Reinforcement Learning: Model-Free MDP Solving

Now, pick your favorite RL algorithm—Q-learning or SARSA are common choices. Since you don't know the transition probabilities or rewards, the agent must explore.

Exploration Strategies: Epsilon-Greedy vs. UCB

Epsilon-greedy (e.g., epsilon=0.1) is simple: 10% of the time, take a random action. Upper Confidence Bound (UCB) selects actions based on uncertainty, often leading to faster convergence. In our inventory MDP, epsilon-greedy works well; for the social media MDP, UCB might better handle the large state space.

Performance Comparison

With a known model, value and policy iteration find the exact optimal policy.

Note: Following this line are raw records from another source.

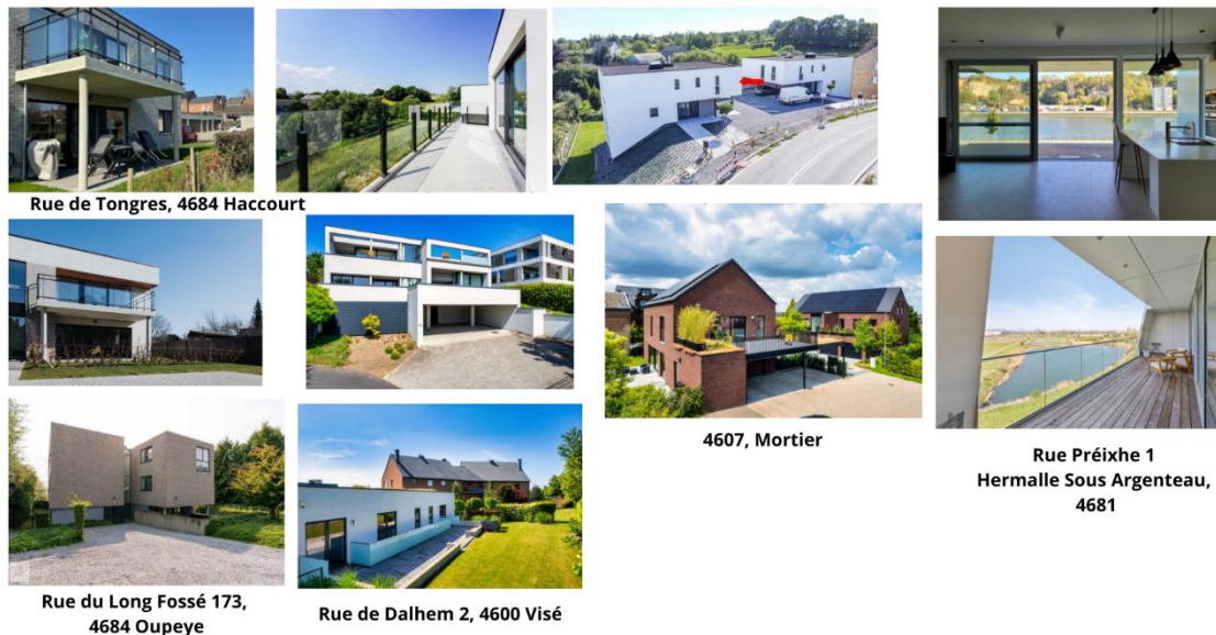
Figure 4 : Annexe photographique des appartements en centralité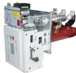
中压 C-GIS 专用真空断路器

随着我国新型城镇化、工业转型升级、农业现代化和电力改革持续推进，新能源、智能电网、智慧城市、物联网、分布式能源、电动汽车和储能装置等行业快速发展，终端用电负荷呈现增长快、变化大、多样化的新趋势，将加快配电网改造升级的需求释放。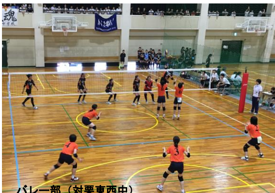
バレー部(対栗東中西)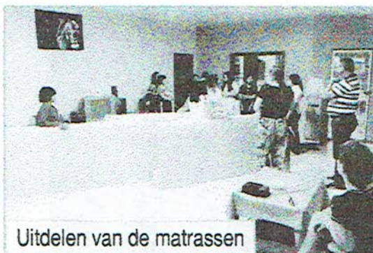
Uitdelen van de matrassen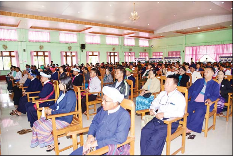
နိုင်ငံတော်စီမံအုပ်ချုပ်ရေးကောင်စီအဖွဲ့ဝင် ခွန်စုံလွင် ပအိုဝ်းကိုယ်ပိုင်အုပ်ချုပ်ခွင့်ရဒေသခန်းမ၌ မြို့နယ်အဆင့်ဌာနဆိုင်ရာများ၊ မြို့မိ မြို့ဖများ၊ တိုင်းရင်းသားစာပေနှင့်ယဉ်ကျေးမှုအဖွဲ့များ၊ စီးပွားရေးလုပ်ငန်းရှင်များနှင့် တွေ့ဆုံအမှာစကားပြောကြားစဉ်။

ရှင်းလင်းပြောကြား တွေ့ဆုံပွဲတွင် နိုင်ငံတော်စီမံ အုပ်ချုပ်ရေး ကောင်စီအဖွဲ့ဝင် ခွန်စုံလွင်က နိုင်ငံတော်စီမံ အုပ်ချုပ်ရေးကောင်စီ၏ ရေ့လုပ် ငန်းစဉ်(၅)ရပ်၊ ဦးတည်ချက်(၉) ရပ်တို့နှင့် လွတ်လပ်၍ တရားမျှတ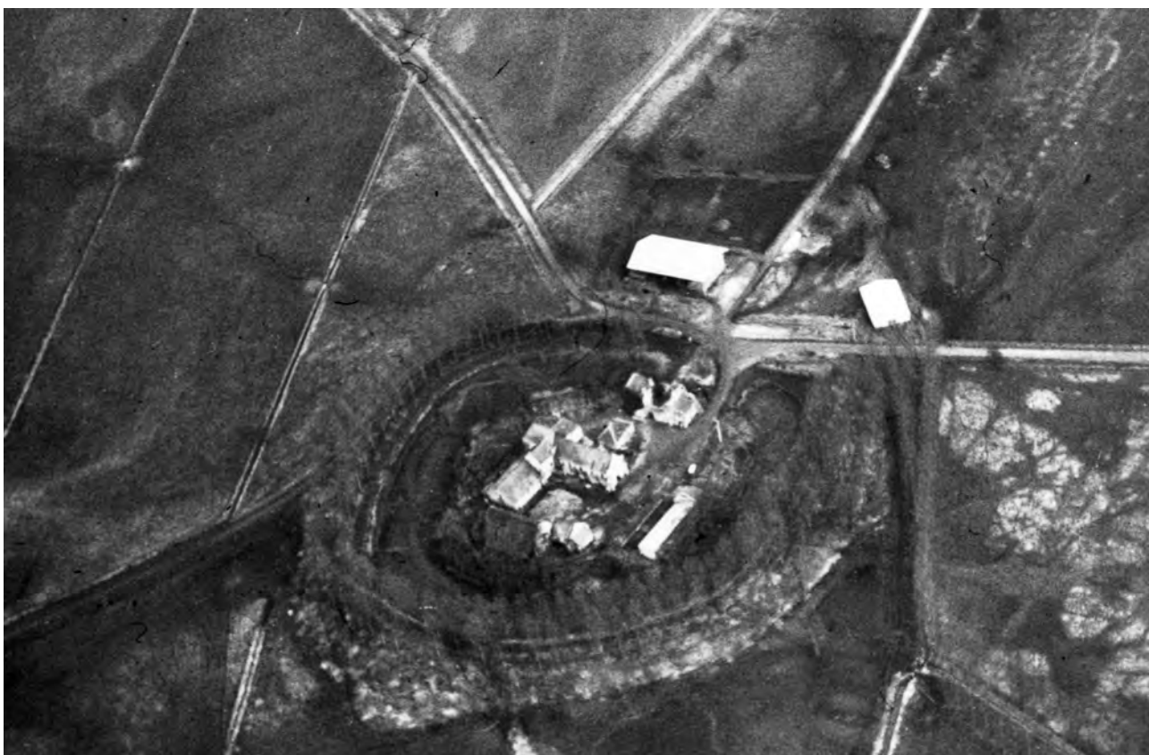
Fourdrain, ancienne abbaye de Saint-Lambert ceint de son fossé médiéval (cliché Michel BOUREUX 1969).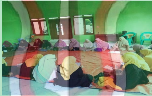
Gambar 4 : Pengajian Rutin Ibu-Ibu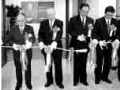
エジソン展初日にテープカット

年の瀬も迫り、何かと気ぜわしくなつてまいりましたが、この一年を振り返つて、私なりに松戸の十大ニュースを選んでみました。 千葉県知事選挙・同県議会議員補欠選挙(3月)と衆議院議員総選挙が行われ(9月) 衆議院議員総選挙は、関心が高く、高投票率でした。「安全で快適なまちづくり条例」が改正され、重点推進地区での違反者には直ちに過料が課せられることになりました(4月) またまた、違反者が見受けられます。市民の皆さんの更なるご協力をお願いいたします。 インターネットによる市議会本会議の録画放映が開始(6月) 天皇陛下が松戸新田にある建具製造メーカー「ハリマ産業株式会社」を視察されました(7月) 天皇陛下が本市を幸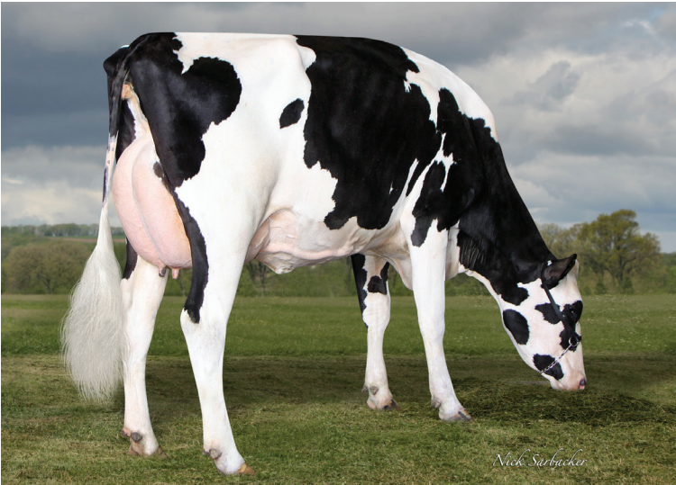
4代前の母: リッチモンドFD S バーバラ ET

父 牛 バジャー SSI ルシア ファーニカ ET 母 牛 ペンイングランド バーブ 16118 ET 3-10 3x365日 M 18,058kg 3.8% F 680kg 3.3% P 596kg 母の父 S-S-I PR レネゲード ET 祖母の父 メラリー ジョスパー フラズルド ET

RL algorithms find near-optimal policies after sufficient training—often requiring thousands of episodes for the large MDP. The gap highlights the value of model-based methods when the model is available.

Practical Tips for Your Analysis Writeup

Your analysis (max 8 pages) should include graphs of convergence (e.g., value function change per iteration) and a table comparing iteration counts. Use clear labels and avoid tiny fonts. Discuss why you defined convergence as you did and how state size affected performance.

Connecting to Trends: AI in 2026

In 2026, reinforcement learning powers autonomous vehicles and real-time bidding systems. Your assignment mirrors these applications—small MDPs for simple tasks (like parking a car) and large MDPs for complex ones (like navigating a city). Understanding convergence trade-offs is crucial for deploying RL in production.

Conclusion

By designing two MDPs and solving them with value iteration, policy iteration, and RL, you gain hands-on experience with core concepts of sequential decision-making. Focus on clear analysis and original MDPs—avoid copying grid worlds. Good luck with CS7641 Assignment 4!